▶ [WHAT YOU ARE ASKED TO DO]:
Within the records that follow, restate exactly the lines from the line with "2022년 매출은 850억, 영업이익은" down to the line with "Yun) - Standard", including both. Omit the pictures.

[Extracted records]
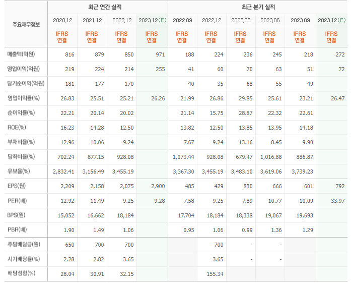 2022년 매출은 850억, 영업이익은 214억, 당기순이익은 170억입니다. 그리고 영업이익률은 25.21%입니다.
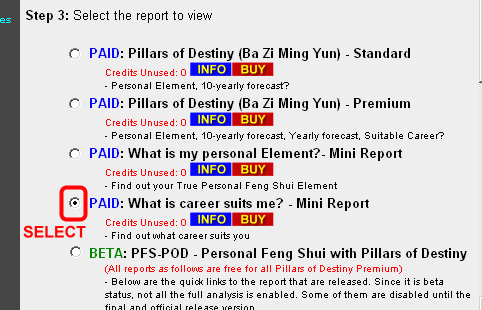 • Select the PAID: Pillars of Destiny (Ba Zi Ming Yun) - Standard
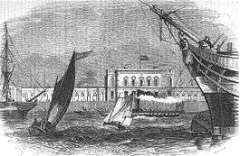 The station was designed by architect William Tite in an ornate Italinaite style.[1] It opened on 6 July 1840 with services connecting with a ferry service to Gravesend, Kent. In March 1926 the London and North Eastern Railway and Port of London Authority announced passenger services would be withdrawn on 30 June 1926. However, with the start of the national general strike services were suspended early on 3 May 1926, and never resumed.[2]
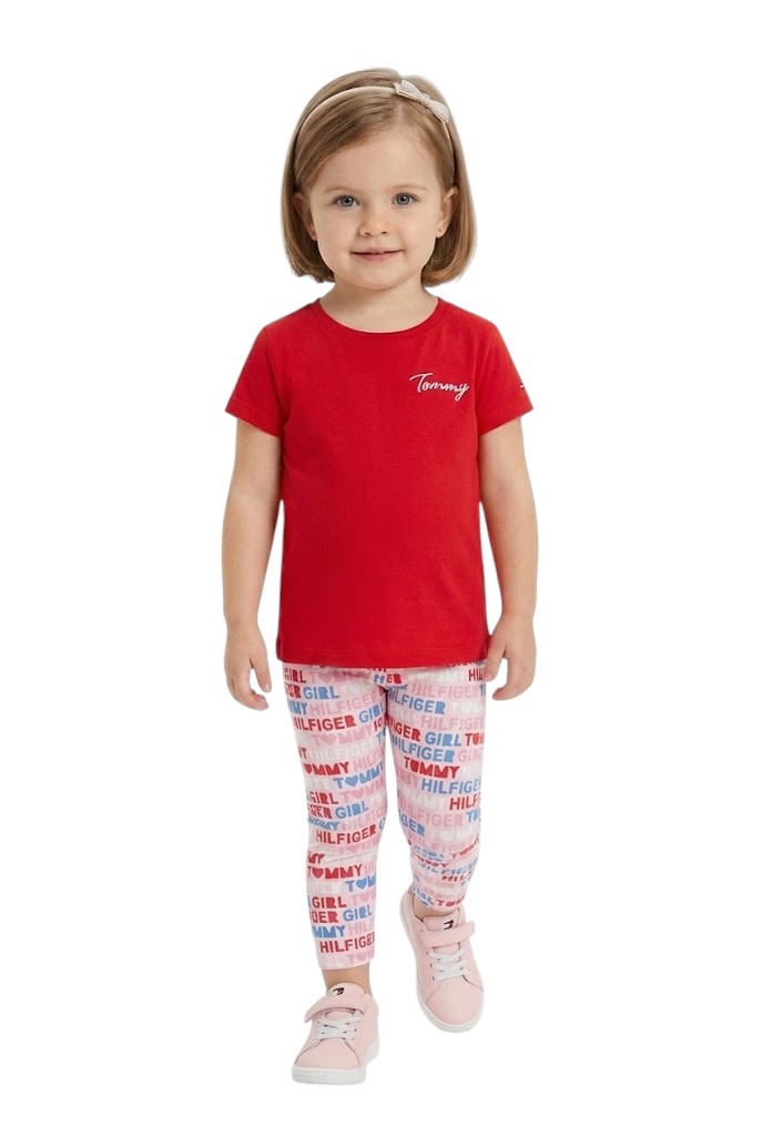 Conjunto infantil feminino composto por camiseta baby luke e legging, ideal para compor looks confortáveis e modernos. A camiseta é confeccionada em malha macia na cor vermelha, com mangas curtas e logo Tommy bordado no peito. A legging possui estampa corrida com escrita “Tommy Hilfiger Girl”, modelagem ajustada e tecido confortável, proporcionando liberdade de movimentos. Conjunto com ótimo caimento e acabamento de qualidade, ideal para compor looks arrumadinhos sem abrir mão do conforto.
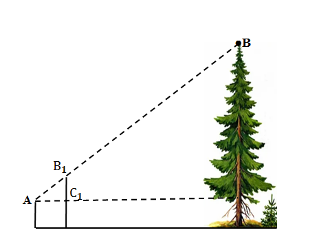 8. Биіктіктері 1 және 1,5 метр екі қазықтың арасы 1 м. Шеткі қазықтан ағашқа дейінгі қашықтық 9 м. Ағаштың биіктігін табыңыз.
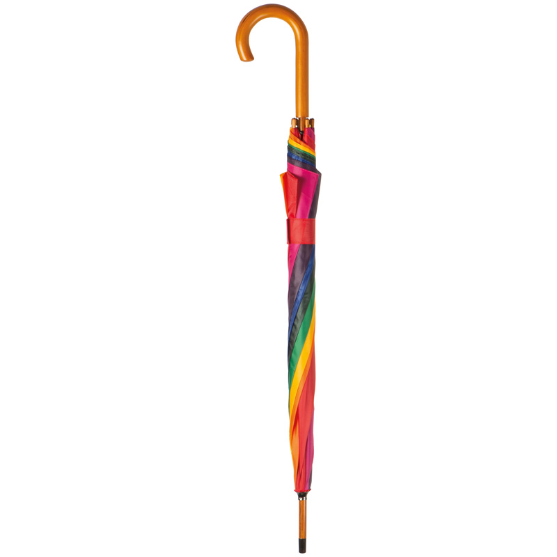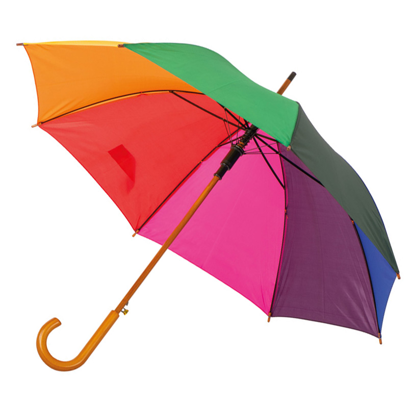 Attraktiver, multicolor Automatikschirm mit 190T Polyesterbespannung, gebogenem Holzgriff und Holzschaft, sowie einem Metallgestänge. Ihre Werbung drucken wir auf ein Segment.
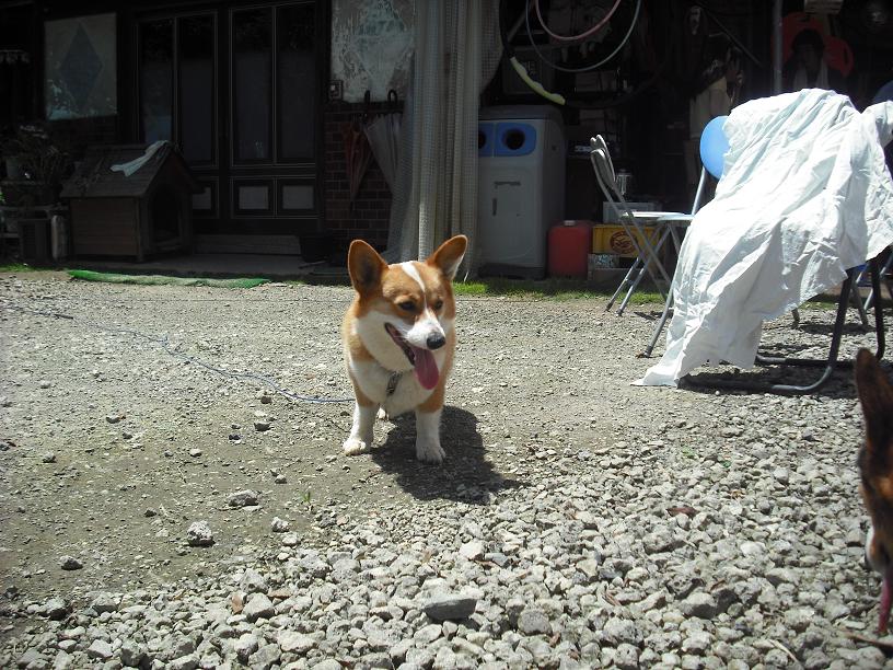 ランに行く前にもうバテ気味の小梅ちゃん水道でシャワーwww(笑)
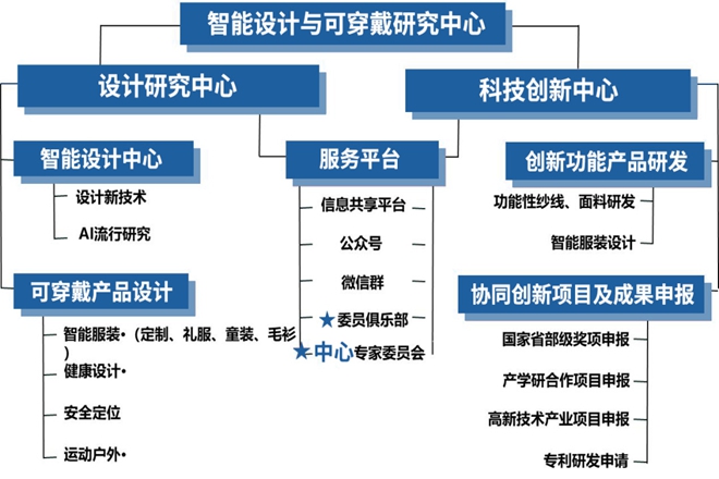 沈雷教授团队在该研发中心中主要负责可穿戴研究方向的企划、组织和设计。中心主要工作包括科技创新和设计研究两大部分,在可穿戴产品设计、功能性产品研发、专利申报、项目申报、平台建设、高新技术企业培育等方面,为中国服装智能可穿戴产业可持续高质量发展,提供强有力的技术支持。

* * *

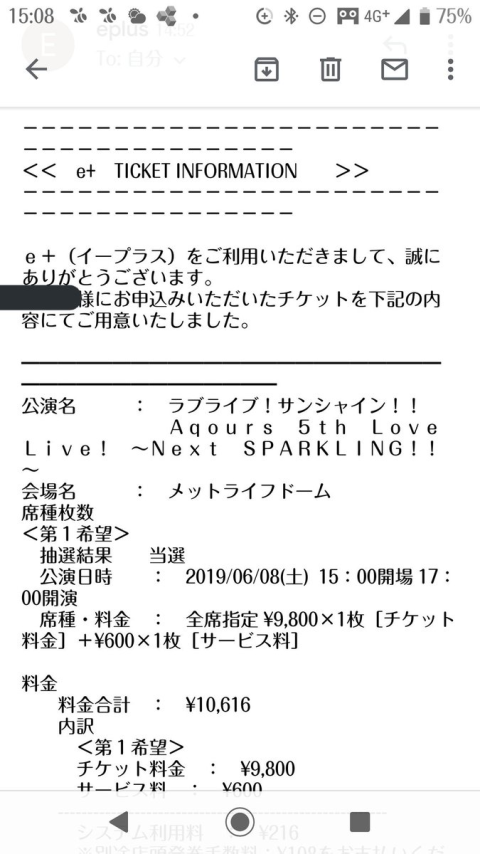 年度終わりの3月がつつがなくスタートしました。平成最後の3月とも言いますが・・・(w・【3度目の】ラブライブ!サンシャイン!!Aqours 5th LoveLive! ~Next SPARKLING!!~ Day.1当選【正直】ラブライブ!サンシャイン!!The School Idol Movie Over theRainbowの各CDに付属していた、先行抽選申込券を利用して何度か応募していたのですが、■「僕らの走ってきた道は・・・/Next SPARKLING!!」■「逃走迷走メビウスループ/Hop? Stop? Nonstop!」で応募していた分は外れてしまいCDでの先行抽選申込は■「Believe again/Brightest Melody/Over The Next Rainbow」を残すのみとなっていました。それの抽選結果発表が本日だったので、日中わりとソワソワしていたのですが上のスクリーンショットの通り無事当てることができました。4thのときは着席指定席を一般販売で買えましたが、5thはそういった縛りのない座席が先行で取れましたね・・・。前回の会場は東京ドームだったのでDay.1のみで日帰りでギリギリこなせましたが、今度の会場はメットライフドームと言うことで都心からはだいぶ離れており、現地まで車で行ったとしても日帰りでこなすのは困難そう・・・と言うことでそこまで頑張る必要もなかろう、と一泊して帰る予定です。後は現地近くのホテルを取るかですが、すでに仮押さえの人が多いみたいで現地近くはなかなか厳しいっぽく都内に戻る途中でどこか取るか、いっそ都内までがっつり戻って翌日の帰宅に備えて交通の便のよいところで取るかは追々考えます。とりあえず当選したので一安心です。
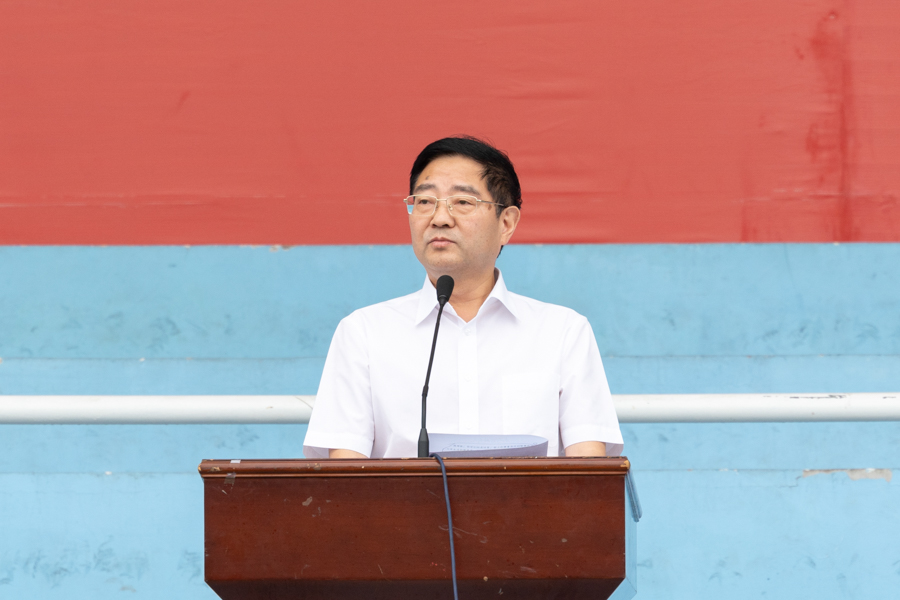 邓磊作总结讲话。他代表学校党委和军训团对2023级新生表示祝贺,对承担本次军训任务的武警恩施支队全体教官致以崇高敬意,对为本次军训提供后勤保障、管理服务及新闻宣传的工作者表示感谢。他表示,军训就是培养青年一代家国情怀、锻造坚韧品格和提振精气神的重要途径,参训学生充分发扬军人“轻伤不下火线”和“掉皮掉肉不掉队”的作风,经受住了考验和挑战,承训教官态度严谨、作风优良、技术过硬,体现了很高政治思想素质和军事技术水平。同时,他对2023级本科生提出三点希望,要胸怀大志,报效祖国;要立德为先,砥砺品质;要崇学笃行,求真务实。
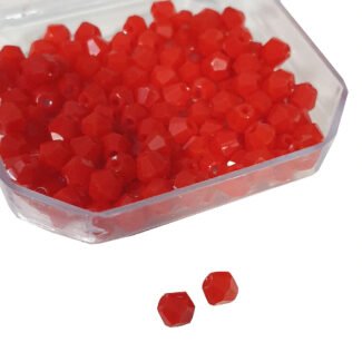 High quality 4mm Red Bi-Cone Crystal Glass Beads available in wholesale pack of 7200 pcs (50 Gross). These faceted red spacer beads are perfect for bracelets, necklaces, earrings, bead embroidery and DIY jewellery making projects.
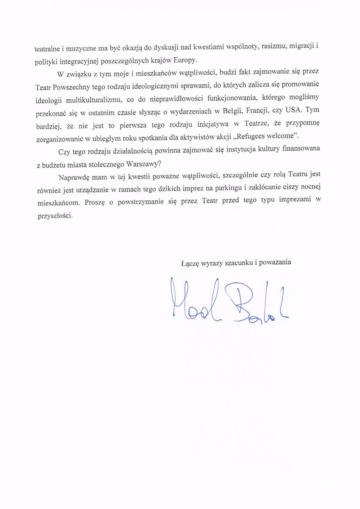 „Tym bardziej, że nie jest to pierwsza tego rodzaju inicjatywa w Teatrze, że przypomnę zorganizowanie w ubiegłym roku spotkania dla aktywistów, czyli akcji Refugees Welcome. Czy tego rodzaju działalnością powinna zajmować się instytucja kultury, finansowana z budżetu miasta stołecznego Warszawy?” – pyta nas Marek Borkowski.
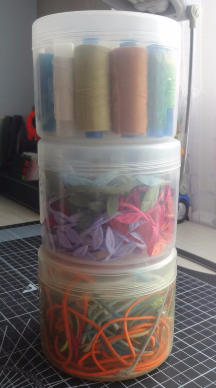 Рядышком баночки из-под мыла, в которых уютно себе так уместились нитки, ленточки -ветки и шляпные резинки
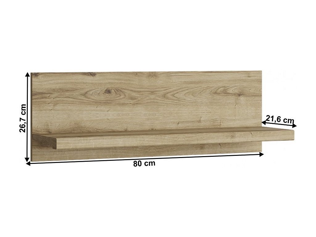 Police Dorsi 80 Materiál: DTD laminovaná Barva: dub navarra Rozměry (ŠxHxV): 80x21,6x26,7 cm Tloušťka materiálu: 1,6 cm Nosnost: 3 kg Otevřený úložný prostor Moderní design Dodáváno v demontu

▶ [SOLUTION BELOW]:
 2022년 매출은 850억, 영업이익은 214억, 당기순이익은 170억입니다. 그리고 영업이익률은 25.21%입니다.
 • Select the PAID: Pillars of Destiny (Ba Zi Ming Yun) - Standard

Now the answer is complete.